One of my favorite parts of the book was the idea of appreciating the ordinary in our children. In all likelihood, HP will not become an Olympic athlete, famous musician, or President of the United States. He will be ordinary. Extraordinary to me as his mother, of course, but ordinary to the world. When we are able to appreciate the ordinary, we free our children from undue expectations and allow them to simply be who they are.
I know I will turn to my parents' example when trying to live out this concept. Growing up, my parents were the most sane parents I knew. They never tried to live vicariously through my accomplishment, which more than I can say for many of my peers. My mother went to every diving meet of my career, save one. I remember one meet in particular where I failed a dive, which is just what it sounds like: I preformed the dive so terribly that I did not receive a score. When I talked to my mom in the stands after the dive, she said, "But you looked so beautiful in the air!" And she meant it. She genuinely did not care about where I placed or what scores I received, only that I was happy. In contrast, my teammates often received "advice" from their parents on how they could do better. Even at the time I recognized how special it was that my value was in no way connected to my performance. My parents knew that I did not need them to be my coach--I already had one of those; I needed them to be my parents. They let me be ordinary.

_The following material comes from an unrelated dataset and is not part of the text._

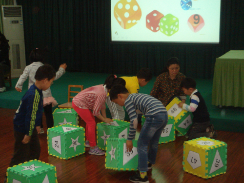 “教育是有目的、有计划引导幼儿主动活动的教育过程,教师的预设活动要与幼儿“学”的方式同步。”在汪红云老师执教的“翻骰子”游戏中,我们看到材料的真正教育价值,深刻的领悟到游戏的真正目的不是游戏,而是为了孩子在活动中有更深入发展与亲身的体验。教师充分利用一个拼插的泡沫骰子玩出了多样花式,通过翻颜色、单双数、最大、最小数、图形的边数等,有效帮助幼儿积累与丰富了有关数的经验。在本次思维游戏活动中,孩子对知识的理解在于活学活用,他们在有干扰、争议、竞赛的环境中仍保有清晰的数的概念,这是思维碰撞所获得的经验。

I want to do the same for HP. He may excel in sports, music, or academics, or he may not. I want him to know that the joy is not in becoming "the best", but simply in doing what he loves. I hope he enjoys playing a sport or an instrument because it is challenging, rewarding, and--wait for it--fun!, not just because he has a talent for it.
In a culture where parents often blur the lines between their child's success and their own, I want HP to know that his value and worth are in who he is, not what he does. I want him to be comfortable being just who he is, the ordinary and all.